# How to use the Information Retrieval framework.

Learn how to use the retrieval framework and exploit the different information retrieval pipelines.

## Setup

### Load dependencies

In [23]:
from semantic_search import SemanticSearch
from lexical_search import TfIdfSearch
from utils.paths import *
from utils import utils

### Search parameters

Define pretrained sentence transformer to perform semantic search.

In [2]:
# Other tested pretrained models are 'paraphrase-distilroberta-base-v1'
# and 'msmarco-distilbert-base-v3'
pretrained_model = "paraphrase-distilroberta-base-v2"

Define pretrained cross-encoder to perform re-ranking.

In [3]:
# Alternative pretrained cross-encoders tested:
# cross-encoders are 'cross-encoder/ms-marco-MiniLM-L-6-v2'
pretrained_crossencoder = "cross-encoder/stsb-distilroberta-base"

Define the encoding stategy. The encoding strategy must be a string containing the names of the features to include into the input of the encoder, each of them separated by an underscore ('_'). For example, if you were to use the title and the overview as the encoding strategy, `encoding_strategy` must be either `title_overview` or `overview_title`. Current supported features are 'title', 'authors' and 'overview'. For further information, have a look at the ``utils.utils.prepare_input_encoder`` function.

In [4]:
encoding_strategy = "title_overview"

Define the number of trees to use in the ANNOY index.

In [5]:
n_trees = 576

Define the summarization strategy. Using the top 5 or 4 sentences is recommended. Use an empty string, `''` to eschew summarization.

In [6]:
summarization = "top5sent"  #'top4sent' #''

Load the corpus from disk. Beware that the loaded corpus must be consistent with the summarization technique you wish to use (e.g., for the 'top5sent' strategy, the dataset that must be is 'books_processed_top5sent.csv')

In [7]:
corpus = utils.load_corpus(PATH_BOOKS_TOP5S)
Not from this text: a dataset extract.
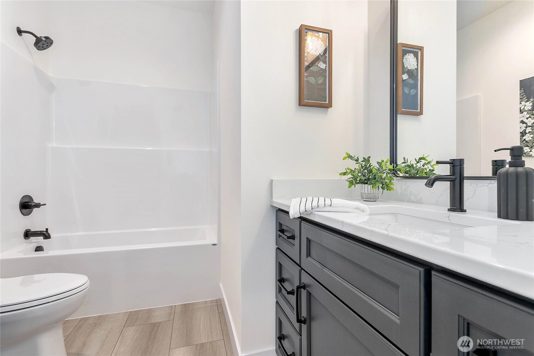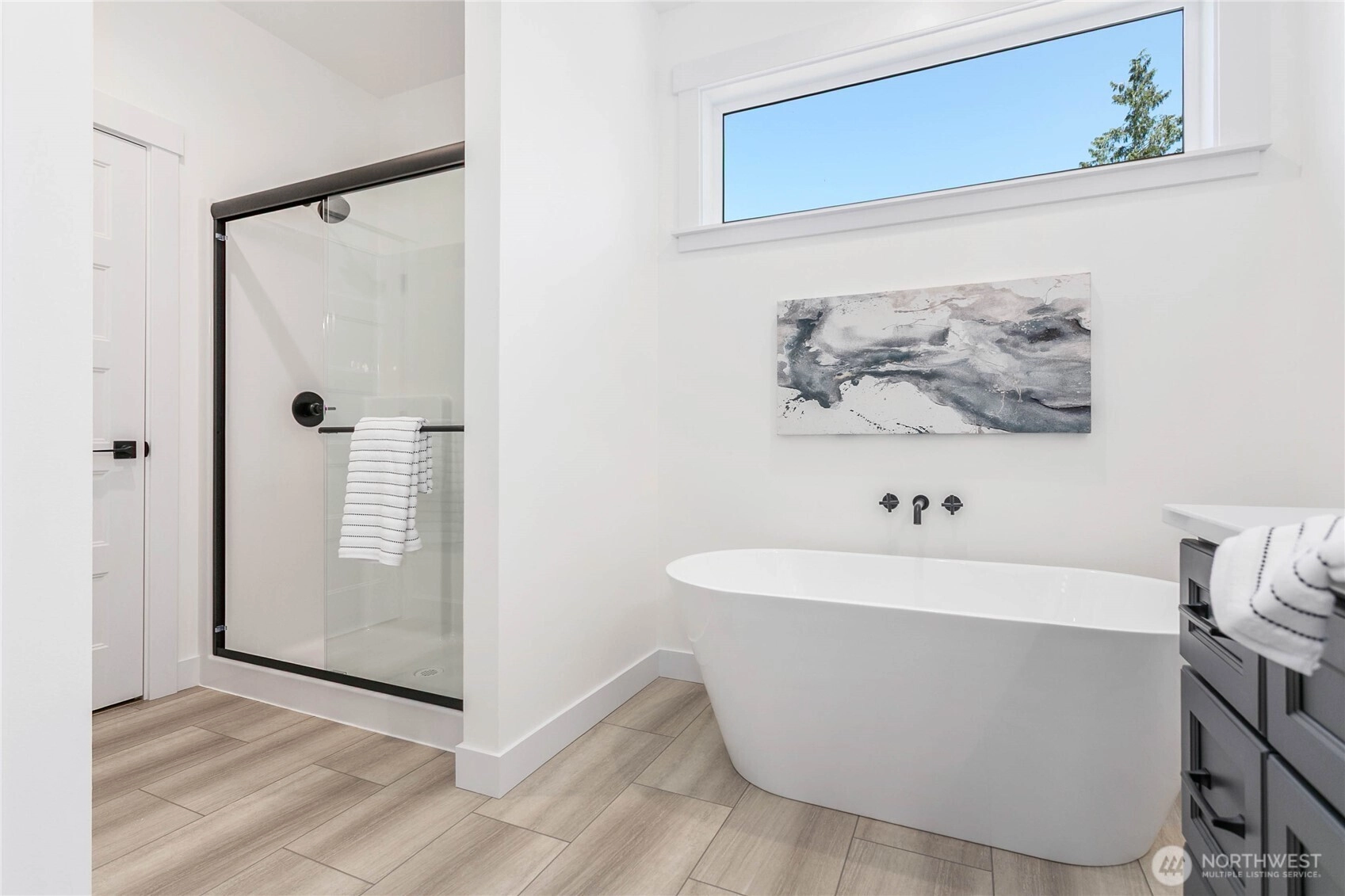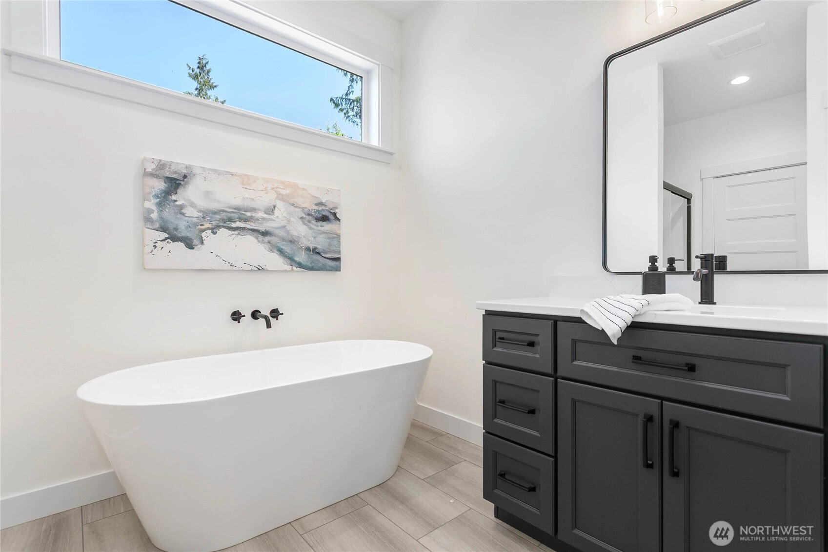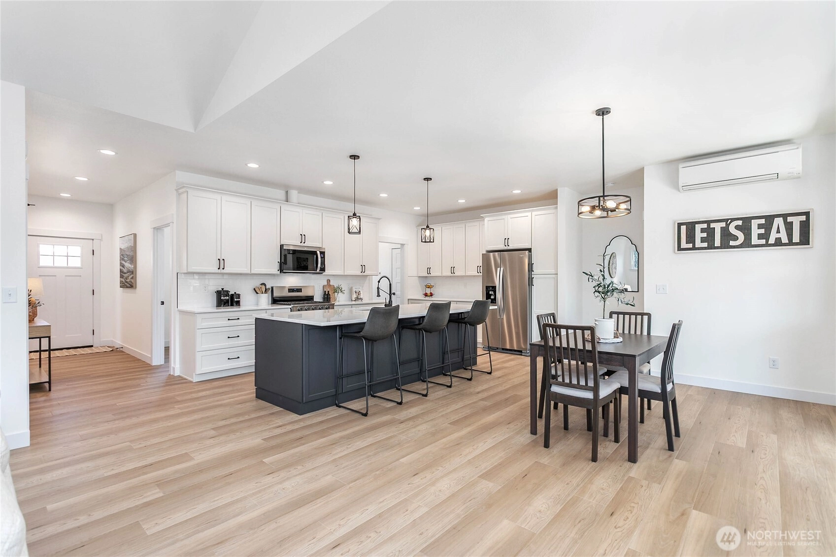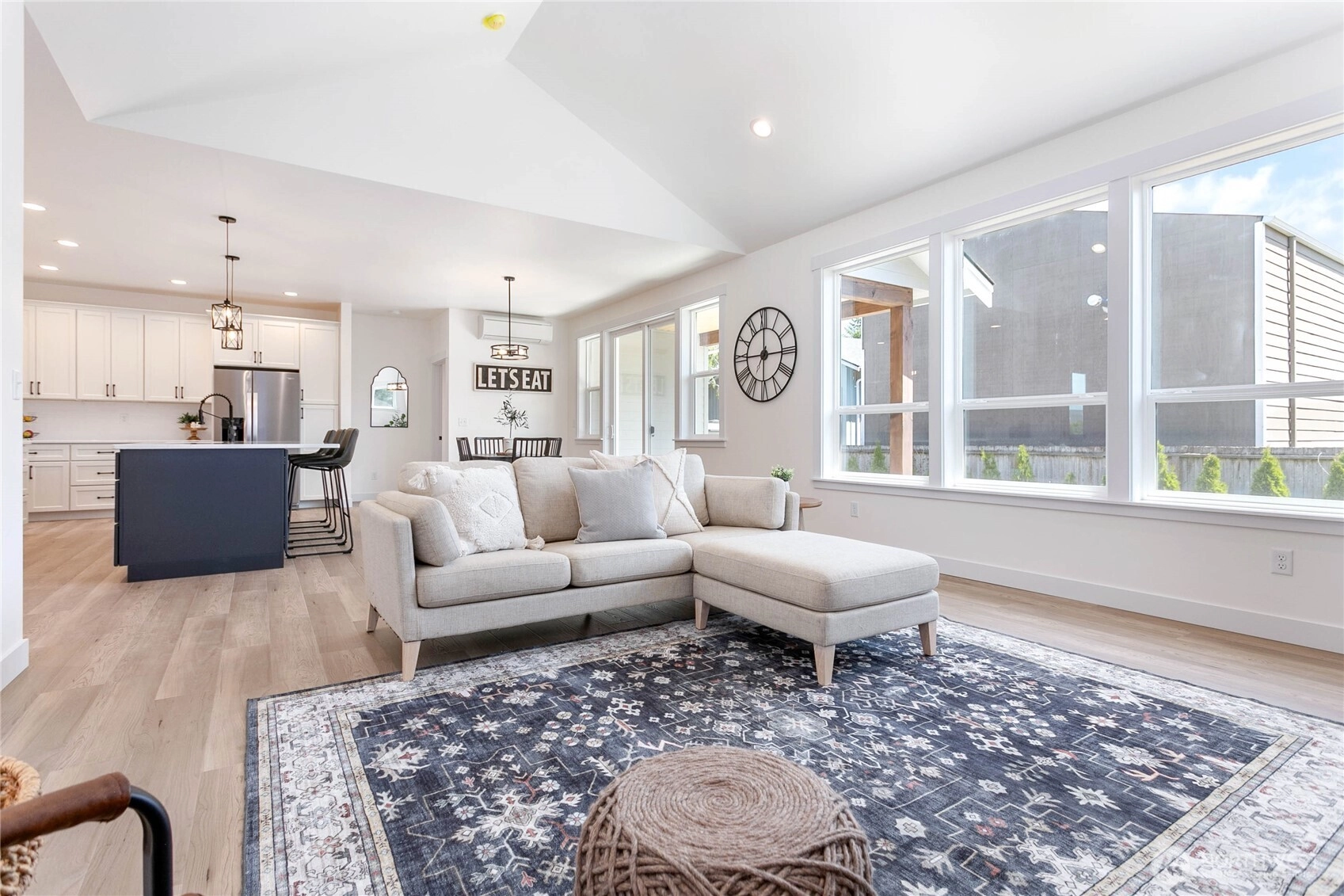 Beautiful new Pacific Edge Builders home w/ 4 bed & 2 bath on one level w/ large 3 car garage! Custom designed finishes including quartz countertops & LVP flooring throughout. Upgrades including gas fireplace & air conditioning. Large kitchen w/ custom cabinetry, tile backsplash and stainless steel appliance package. Open design concept with vaulted living room and functional floor plan. Primary bedroom with large walk in closet, bath with soaker tub & separate walk in shower. Large covered patio w/ gas hookup great for year round grilling and entertaining. Great location in a neighborhood of new homes with a short walk to Everson Elementary School and community park. Vacant and move in ready!
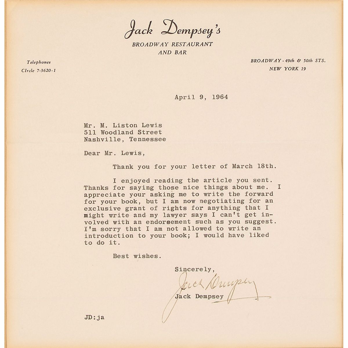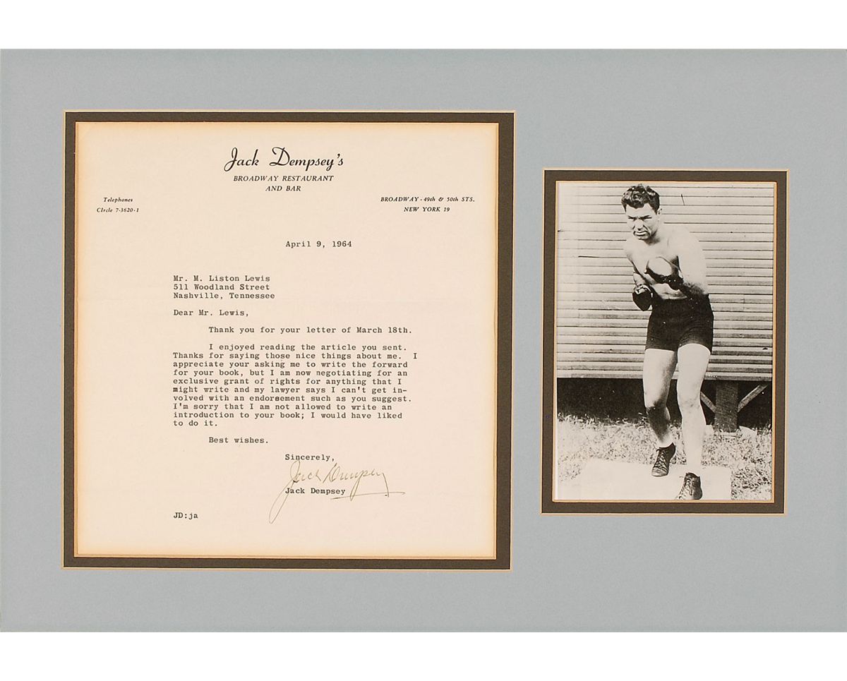 TLS, one page, 8.25 x 8.5, Jack Dempsey’s Broadway Restaurant and Bar letterhead, April 9, 1964. Dempsey writes to M. Liston Lewis in Nashville. In part: “I enjoyed reading the article you sent. Thanks for saying those nice things about me. I appreciate your asking me to write the forward for your book, but I am now negotiating for an exclusive grant of rights for anything I might write and my lawyer says I can’t get involved with an endorsement such as you suggest. I’m sorry that I am not allowed to write an introduction to your book; I would have liked to do it.” Double-matted with a photo of the champ to an overall size of 16.75 x 11.5. Uniform toning and a horizontal mailing fold across the bottom of the signature, otherwise fine condition. Accompanied by the original mailing envelope.

Define the filename from which the ANNOY index is to be stored/loaded from disk.

In [8]:
path_annoy_cache = (
    f"{DIR_ANNOY}{pretrained_model}/t{n_trees}_{summarization}_{encoding_strategy}.ann"
)

Define filepath from which computed embeddings for bi-encoder evaluation are stored/loaded from disk.

In [9]:
# If the directory does not exist, it will be automatically created.
path_embs_cache = (
    f"{DIR_EMBEDDINGS}{pretrained_model}/{summarization}_{encoding_strategy}.pkl"
)

Define filepath from which computed vector for TF-IDF evaluation are stored/loaded from disk.

In [10]:
# If the directory does not exist, it will be automatically created.
vectors_cache_path = f"{DIR_EMBEDDINGS}tfidf/{summarization}_{encoding_strategy}.pkl"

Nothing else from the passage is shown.